>>
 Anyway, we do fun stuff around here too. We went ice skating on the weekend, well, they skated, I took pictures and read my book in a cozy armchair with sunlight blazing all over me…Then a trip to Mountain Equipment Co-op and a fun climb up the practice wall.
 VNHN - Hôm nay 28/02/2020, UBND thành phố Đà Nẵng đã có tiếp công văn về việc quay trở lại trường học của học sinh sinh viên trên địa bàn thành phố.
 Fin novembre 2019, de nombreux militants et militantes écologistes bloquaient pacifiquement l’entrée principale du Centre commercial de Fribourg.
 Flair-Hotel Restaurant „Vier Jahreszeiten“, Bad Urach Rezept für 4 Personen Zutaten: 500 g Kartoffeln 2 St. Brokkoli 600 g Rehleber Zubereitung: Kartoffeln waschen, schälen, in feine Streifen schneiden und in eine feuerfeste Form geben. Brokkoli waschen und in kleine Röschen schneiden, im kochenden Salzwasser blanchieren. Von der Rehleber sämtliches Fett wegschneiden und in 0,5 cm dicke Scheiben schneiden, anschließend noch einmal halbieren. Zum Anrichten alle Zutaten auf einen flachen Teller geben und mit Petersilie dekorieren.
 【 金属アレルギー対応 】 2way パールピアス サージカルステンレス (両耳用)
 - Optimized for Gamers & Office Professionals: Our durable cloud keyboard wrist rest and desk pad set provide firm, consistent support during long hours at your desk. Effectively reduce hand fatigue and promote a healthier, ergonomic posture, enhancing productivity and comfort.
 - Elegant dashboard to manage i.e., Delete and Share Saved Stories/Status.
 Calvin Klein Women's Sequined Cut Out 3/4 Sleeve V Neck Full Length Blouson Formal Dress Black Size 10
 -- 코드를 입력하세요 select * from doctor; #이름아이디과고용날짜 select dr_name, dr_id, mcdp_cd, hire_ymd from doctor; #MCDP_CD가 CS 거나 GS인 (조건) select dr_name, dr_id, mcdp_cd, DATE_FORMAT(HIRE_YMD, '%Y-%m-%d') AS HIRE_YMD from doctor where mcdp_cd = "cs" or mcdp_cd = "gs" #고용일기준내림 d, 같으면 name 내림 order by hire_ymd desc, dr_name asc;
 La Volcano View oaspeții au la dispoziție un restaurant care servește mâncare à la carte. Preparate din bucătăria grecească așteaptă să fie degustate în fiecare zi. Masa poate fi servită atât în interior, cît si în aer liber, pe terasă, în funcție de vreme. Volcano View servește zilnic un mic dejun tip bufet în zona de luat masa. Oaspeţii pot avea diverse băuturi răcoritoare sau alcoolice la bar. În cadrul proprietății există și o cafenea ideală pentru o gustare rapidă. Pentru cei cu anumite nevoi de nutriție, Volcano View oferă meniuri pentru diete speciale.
<<
### [PROMPT]
Output the lines of the records above exactly as they appear, from the line containing "- Optimized for" through the line containing "-- 코드를 입력하세요".

### [SOLUTION FOR THIS TASK]
 - Optimized for Gamers & Office Professionals: Our durable cloud keyboard wrist rest and desk pad set provide firm, consistent support during long hours at your desk. Effectively reduce hand fatigue and promote a healthier, ergonomic posture, enhancing productivity and comfort.
 - Elegant dashboard to manage i.e., Delete and Share Saved Stories/Status.
 Calvin Klein Women's Sequined Cut Out 3/4 Sleeve V Neck Full Length Blouson Formal Dress Black Size 10
 -- 코드를 입력하세요 select * from doctor; #이름아이디과고용날짜 select dr_name, dr_id, mcdp_cd, hire_ymd from doctor; #MCDP_CD가 CS 거나 GS인 (조건) select dr_name, dr_id, mcdp_cd, DATE_FORMAT(HIRE_YMD, '%Y-%m-%d') AS HIRE_YMD from doctor where mcdp_cd = "cs" or mcdp_cd = "gs" #고용일기준내림 d, 같으면 name 내림 order by hire_ymd desc, dr_name asc;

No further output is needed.